Калистратов выпил водки и начал снова.
— Я даже как женюсь, так сейчас прежней жене пенсию: получай и живи. Только честно живи; где хочешь, но только честно, не марай моего имени. А теперь хочешь уехать, так расставайся. Дай тысячу рублей, я тебе сейчас свидетельство, и живи где хочешь; только опять честно живи, моего имени не марай.
— А Ко́лобиха скряга!
— Ну, да скряжничай не скряжничай — не отвертится. Мое слово олово. Я сказал: вне брака более ничего не будет, ни-ни-ни… А перевенчаемся — уж я ей это припомню, как скряжничать.
— Тогда забудете.
— Увечить ее, стерву, буду, а не забуду! — воскликнул, ударив по столу, Калистратов.
Пара разошлась и вышла.
Приходилось идти и Розанову. Некуда было ему идти, до такой степени некуда, что он, подозвав полового, спросил:
— Нельзя ли мне тут соснуть, Василий?
— Не позволено, сударь, — отвечал половой. — Разве вам утром куда нужно рано-с?

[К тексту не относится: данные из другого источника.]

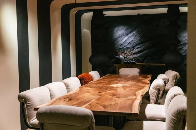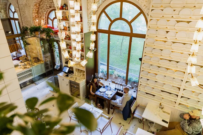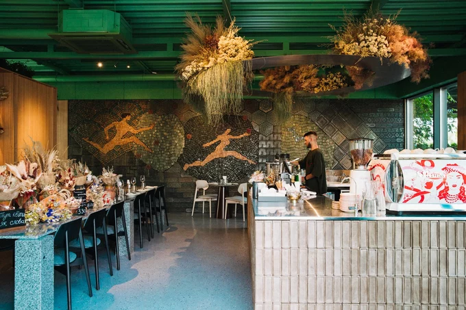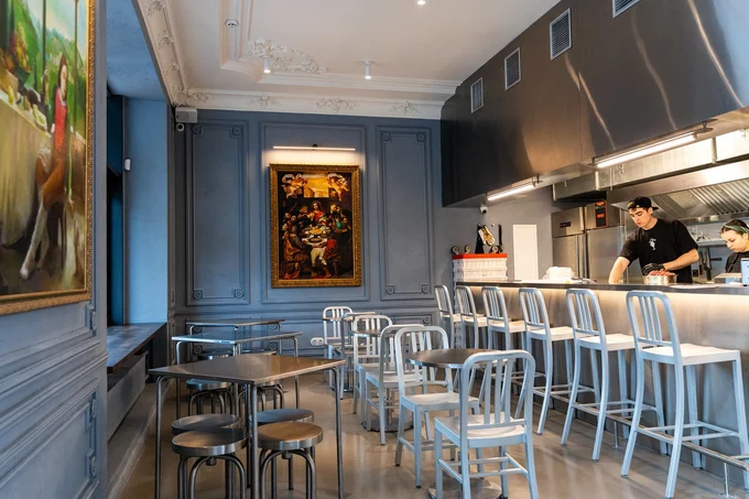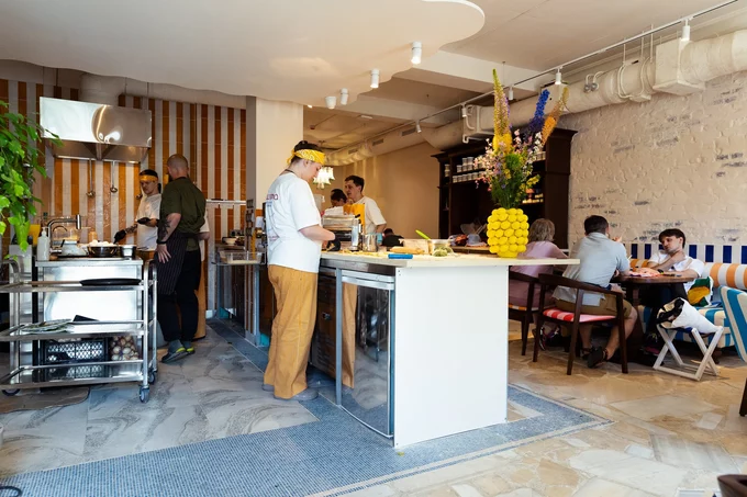 Сам заклад умовно поділили на дві частини: відкрита кухня поєднується із залою, де є великий стіл і стільниці. Над проєктом працювало українське архітектурне бюро AKZ Architectura.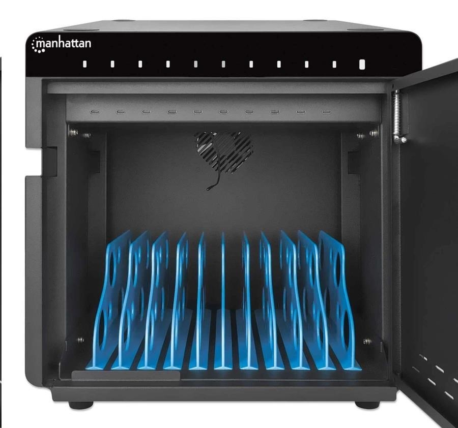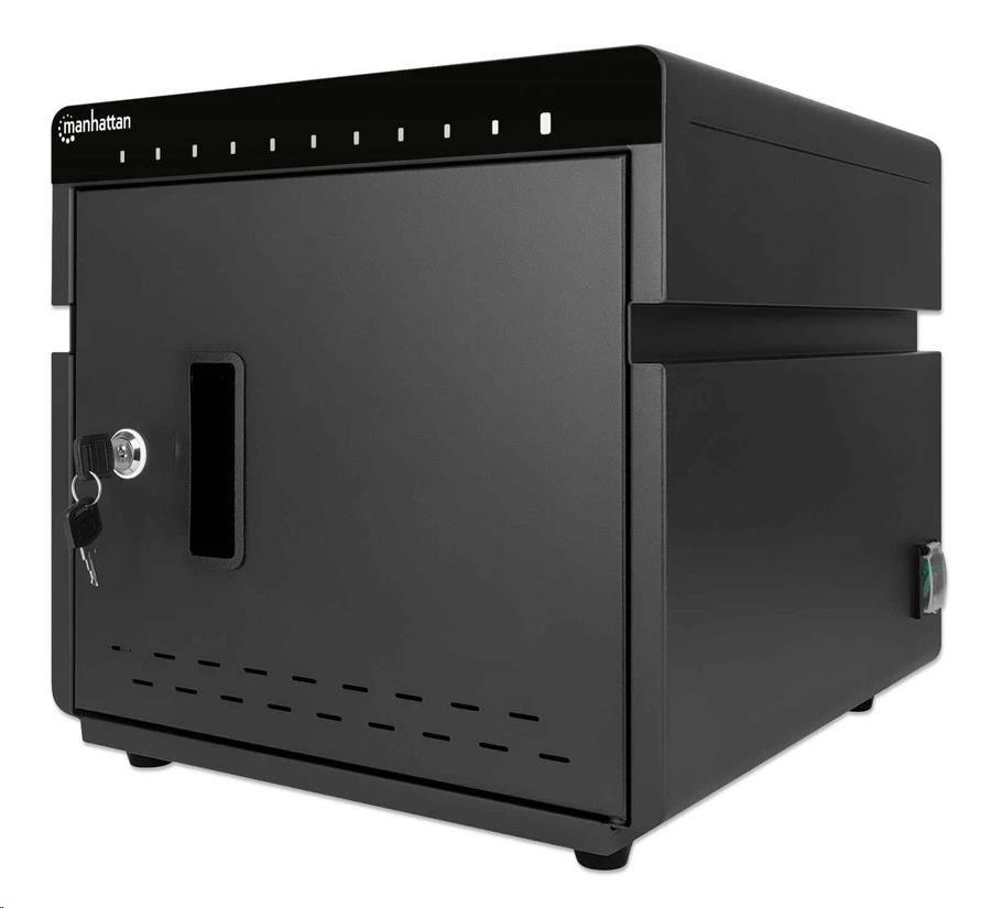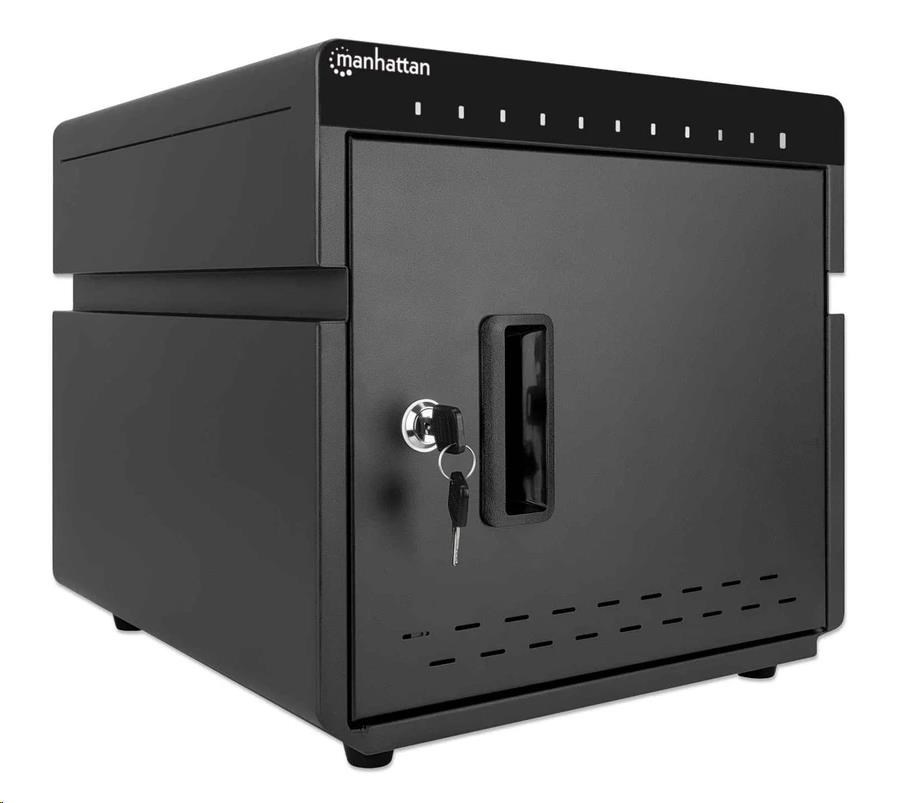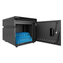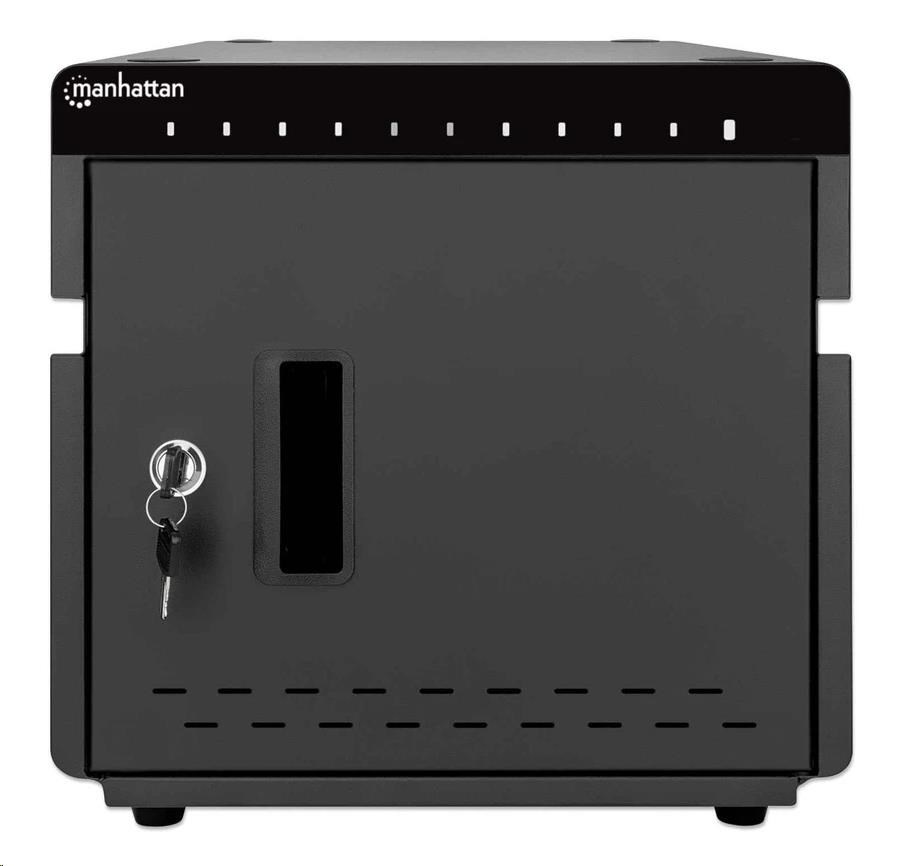 Zlodeji a vandali nemajú šancu proti pevnému a odolnému kovovému krytu tejto stolovej nabíjacej skrine. Bezpečne ho uzamknite pomocou priloženej 2-dielnej sady kľúčov a umožnite prístup len oprávneným osobám. Zabudovaný ventilátor a vetracie otvory odvádzajú teplo a udržiavajú všetky zariadenia v chlade. Gumové nožičky zabraňujú skrinke v skĺznutí na akomkoľvek povrchu.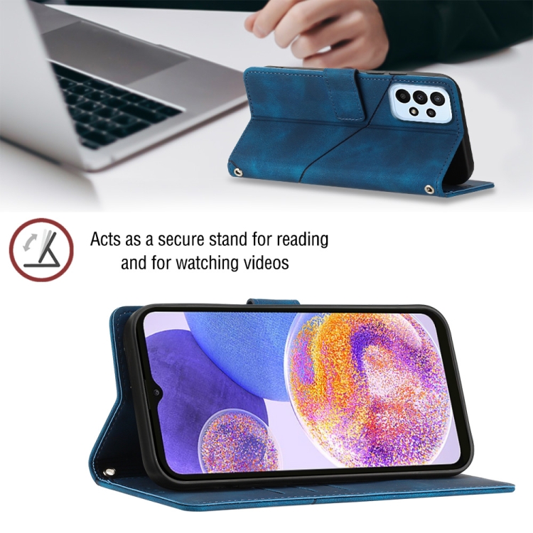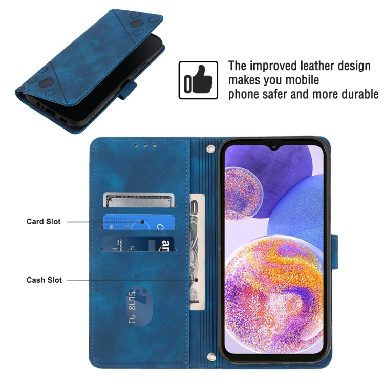 Estuche para teléfono Samsung Galaxy A23 4G F23 5G Cuero en relieve con tacto de piel (Azul)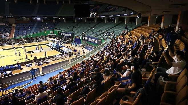 지난달 9일 무관중으로 개막한 프로농구는 지난달 17일부터 각 경기장의 20% 중반 규모로 관람석을 운영해왔습니다.
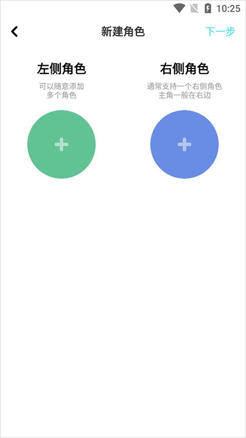 3、接着在打开的新建角色页面中,进行角色选定,用户需要多个角色可以点击左侧绿色添加按钮进行添加,用户还需要一个主角就点击右侧蓝色添加按钮进行添加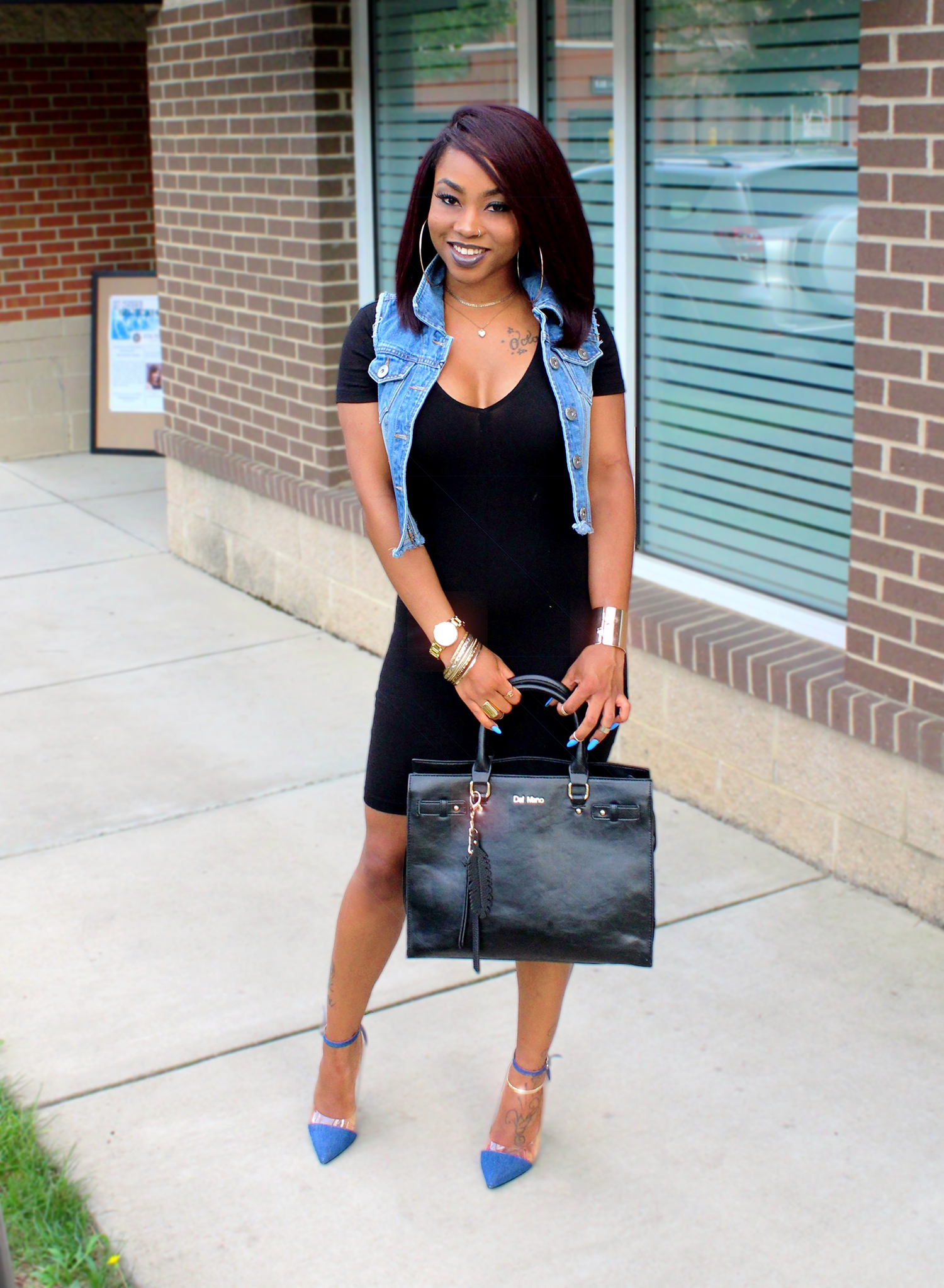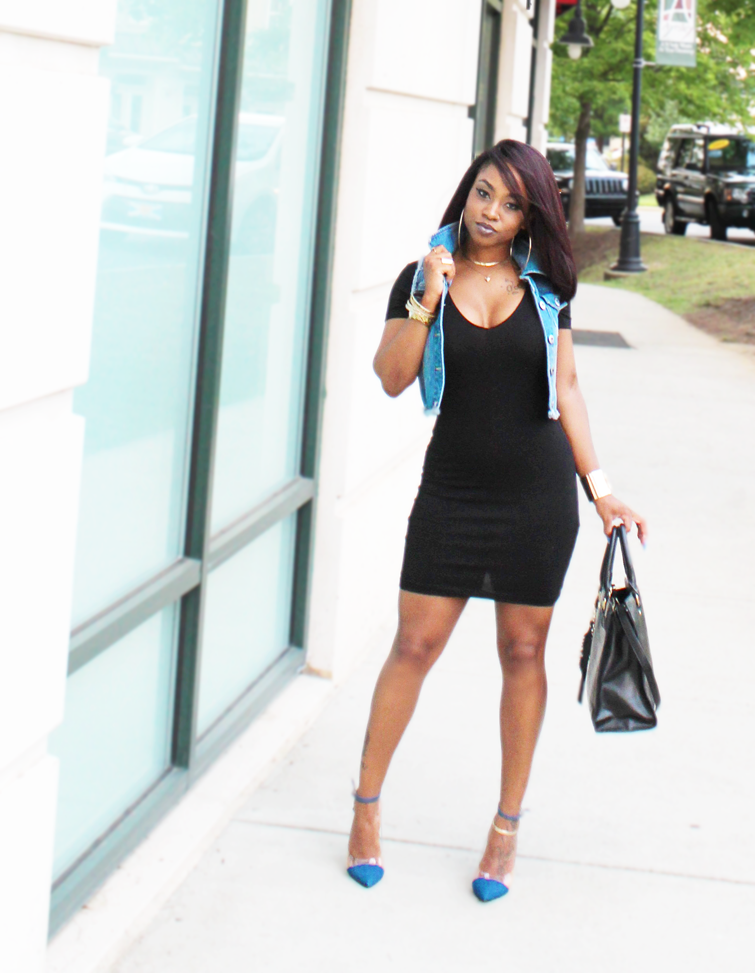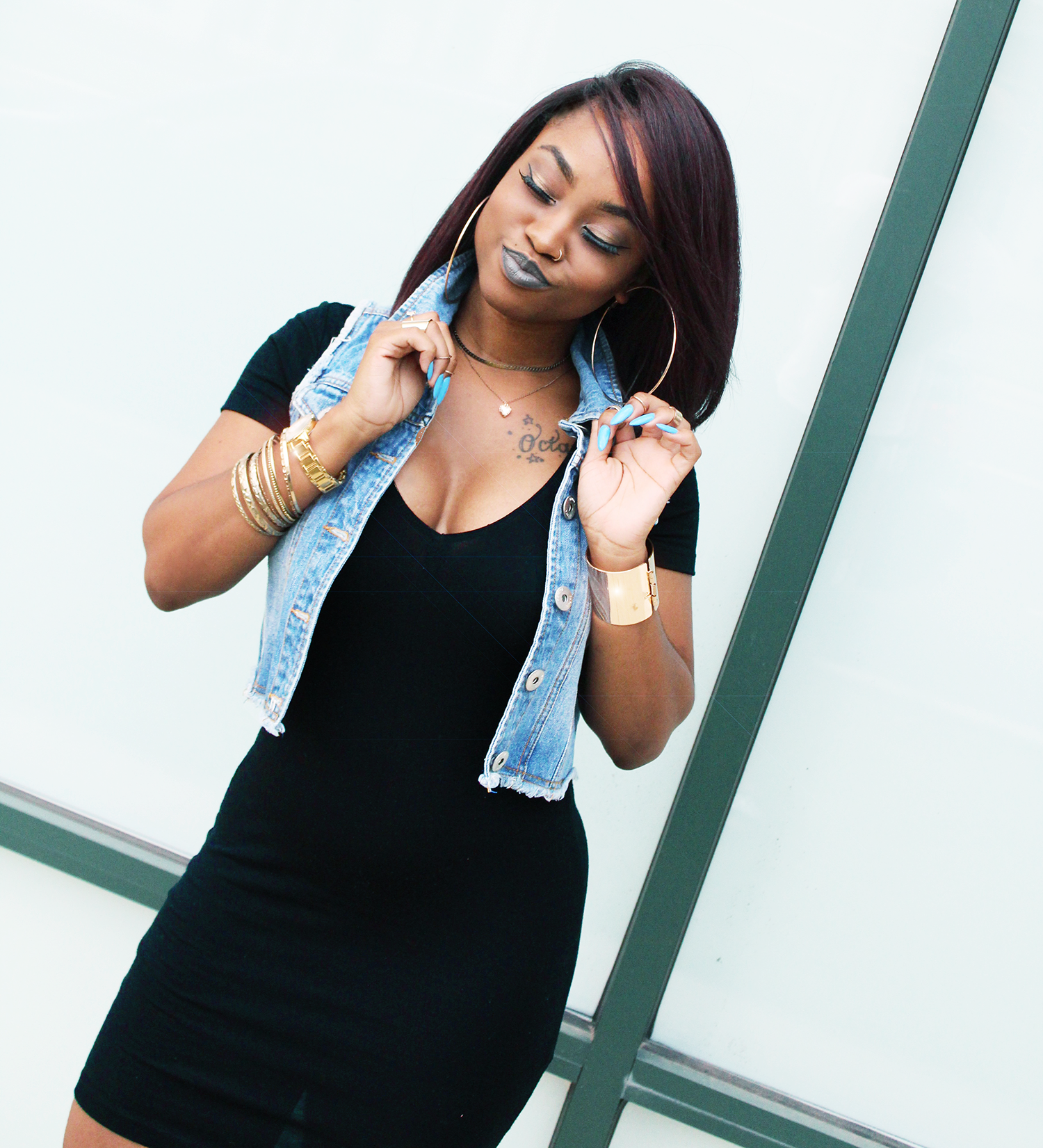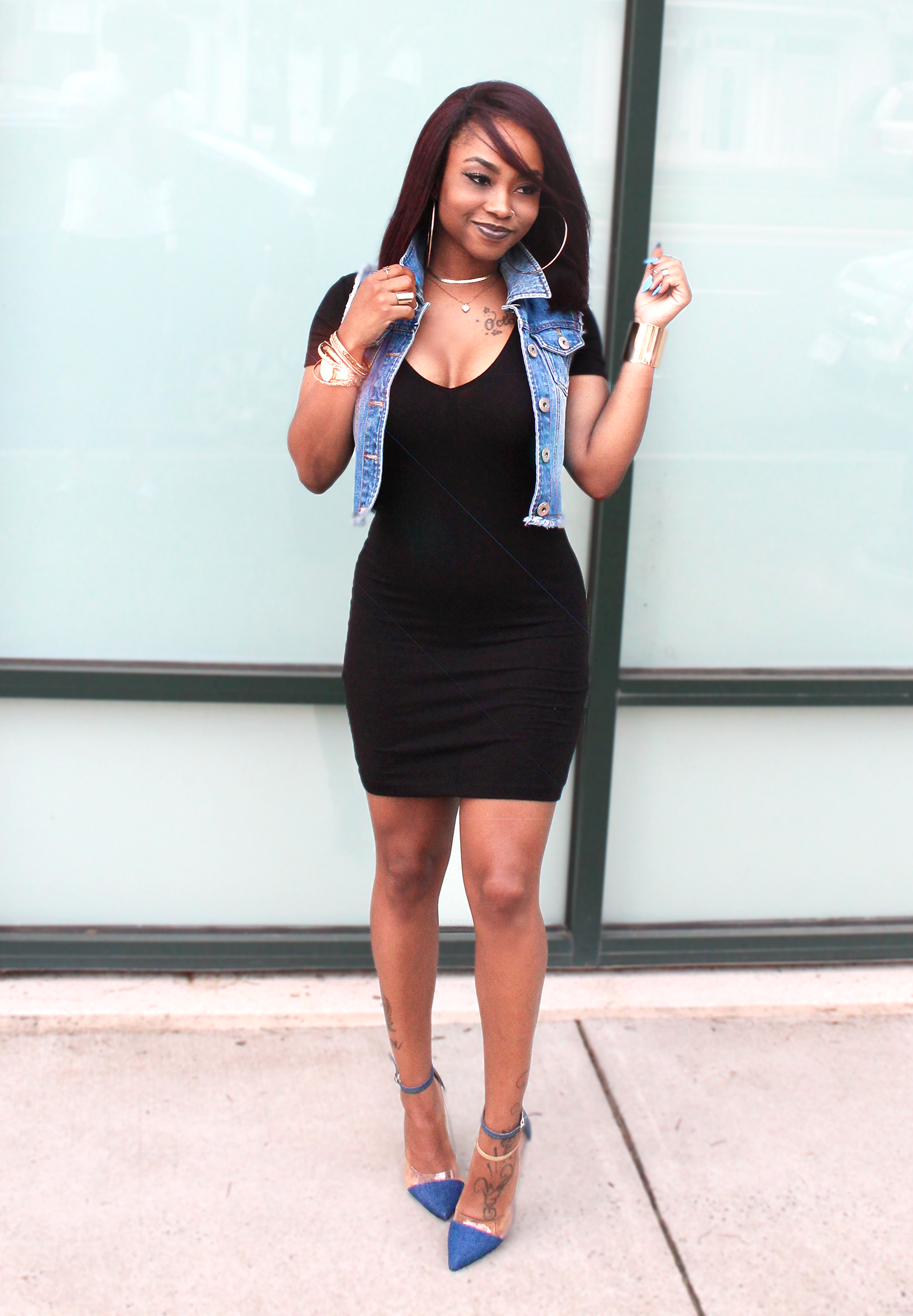 When deciding what to wear for this post, I wanted to do a dark look featuring black with a lot of gold. It was cute with the nice-fitting black dress and some of my favorite Forever 21 gold accessories, but once again I got that tangling, uncompleted feeling in my soul. My soul was saying ‘Octavia go in that room of yours and toss on some jean!’. I decided to listen and I loved it!!

— Да, тут поблизости нужно.
— Буфетчика спрошу, в диванной не дозволит ли?
Розанов посмотрел в отворенную дверь темной диванной, вообразил, как завтра рано утром купцы придут сюда парить свои слежавшиеся за ночь души, и сказал:
— Нет уж, не надо.
— Здесь почти рядом по семи гривен можно иметь номер, — говорил ему половой.
— Да, пойду туда, — отвечал Розанов.
И в больнице, и на Чистых Прудах головы потеряли, доискиваясь, куда бы это делся Розанов. Даже с Ольги Александровны разом соскочил весь форс, и она очутилась дома.
Розанов пропадал третий день: он не возвращался с тех пор, как вышел с Помадой.
Отыскать Розанова было довольно трудно. Выйдя от Барсова, он постоял на улице, посмотрел на мигавшие фонари и, вздохнув, пошел в то отделение соседней гостиницы, в котором он стоял с приезда в Москву.
— Номерочек! — спросил он знакомого коридорного.